= Necessity (tort) =

In tort common law, the defense of necessity gives the state or an individual a privilege to take or use the property of another. A defendant typically invokes the defense of necessity only against the intentional torts of trespass to chattels, trespass to land, or conversion. The Latin phrase from common law is necessitas inducit privilegium quod jura privata ("Necessity induces a privilege because of a private right"). A court will grant this privilege to a trespasser when the risk of harm to an individual or society is apparently and reasonably greater than the harm to the property. Unlike the privilege of self-defense, those who are harmed by individuals invoking the necessity privilege are usually free from any wrongdoing. Generally, an individual invoking this privilege is obligated to pay any actual damages caused in the use of the property but not punitive or nominal damages.

==Private necessity==
Private necessity is the use of another's property for private reasons. Well established doctrines in common law prevent a property owner from using force against an individual in a situation where the privilege of necessity would apply. While an individual may have a private necessity to use the land or property of another, that individual must compensate the owner for any damages caused. For example:

A strong wind blows a parachuting skydiver off course from his intended landing zone. He must land in a nearby farmer's field. The skydiver tramples on the farmer's prized roses, and the farmer hits the skydiver on the head with a pitchfork. The skydiver can invoke the privilege of private necessity for trespassing in the farmer's fields but will have to pay for the damage caused to the roses. The farmer will be liable for battery because the use of force in defense of property is not privileged against an individual who successfully claims private necessity.

In American law, the case most often cited to explain the privilege of private necessity is Vincent v. Lake Erie Transp. Co., 109 Minn. 456, 124 N.W. 221 (1910).

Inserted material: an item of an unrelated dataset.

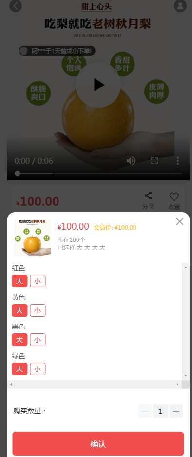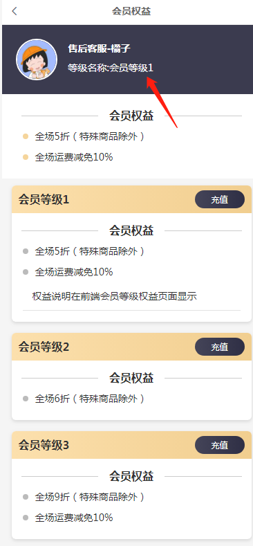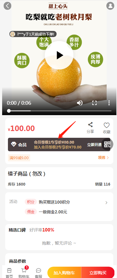 会员等级购买权限:可以指定特定等级的会员才能购买该商品,默认为全部会员都可购买。效果如下

===Vincent v. Lake Erie Transportation Co.===
- Facts
Defendant Lake Erie was at the dock of plaintiff Vincent to unload cargo from Reynolds, the steamship owned by the defendant. An unusually violent storm developed. Lake Erie was unable to leave the dock safely and deckhands for the steamship instead tied the Reynolds to the dock, continually changing ropes as they began to wear and break. A sudden fierce wind threw the ship against the dock significantly damaging the dock.
- Issue
Is compensation required when there is damage to another's property due to a private necessity?
- Decision
(Judge O'Brien) Yes. A private necessity may require one to take or damage another's property, but compensation is required. If the Reynolds had entered the harbor at the time the storm began, and the wind knocked her against the dock, this force of nature would not have allowed Vincent to recover. The defendant, Lake Erie, deliberately kept the Reynolds tied to the dock. If they had not done so, the ship could have been lost creating a far greater damage than what was caused to the dock. Although this was a prudent thing to do, Lake Erie is still liable to Vincent for the damage caused.
- Dissent
(Judge Lewis) One who constructs a dock and conducts business assumes a risk of damage that may occur from storms. For this reason, Judge Lewis did not agree with the majority and believed that Vincent had assumed the risk of damage caused by Lake Erie

To invoke the private necessity privilege, the defendant must have been actually threatened or have reasonably thought that a significant harm were about to occur. The ruling in Vincent v. Lake Erie assures private citizens from a public policy standpoint that they will be compensated for their loss. Vincent will be compensated for repairs and Lake Erie can rest assured that their ship will not sink.

==Public necessity==
Public necessity is the use of private property by a public official for a public reason. The potential harm to society necessitates the destruction or use of private property for the greater good. The injured, private individual does not always recover for the damage caused by the necessity. In American law, two conflicting cases illustrate this point: Surocco v. Geary, 3 Cal. 69 (1853) and Wegner v. Milwaukee Mutual Ins. Co. 479 N.W.2d 38 (Minn 1991).

===Surocco v. Geary===
- Facts
San Francisco was hit by a major fire. The plaintiff, Surocco, was attempting to remove goods from his home while the fire raged nearby. The defendant and mayor of San Francisco, Geary, authorized that the plaintiff's home be demolished to stop the progress of the fire and to prevent its spread to nearby buildings. Surocco sued the mayor claiming he could have recovered more of his possessions had his house not been blown up.
- Issue
Is a person liable for the private property of another if destroying that property would prevent an imminent public disaster?
- Decision
No. The right of necessity falls under natural law and exists independent of society and government. Individual rights must give way to the higher law of impending necessity. A house on fire or about to catch on fire is a public nuisance which is lawful to abate. Otherwise one stubborn person could destroy an entire city. If property is destroyed without an apparent necessity, the destroying person would be liable to the property owner for trespass. Here, blowing up Surocco's house was necessary to stop the fire. Any delay in blowing up the house to allow him to remove more of his possessions would have made blowing up the house too late.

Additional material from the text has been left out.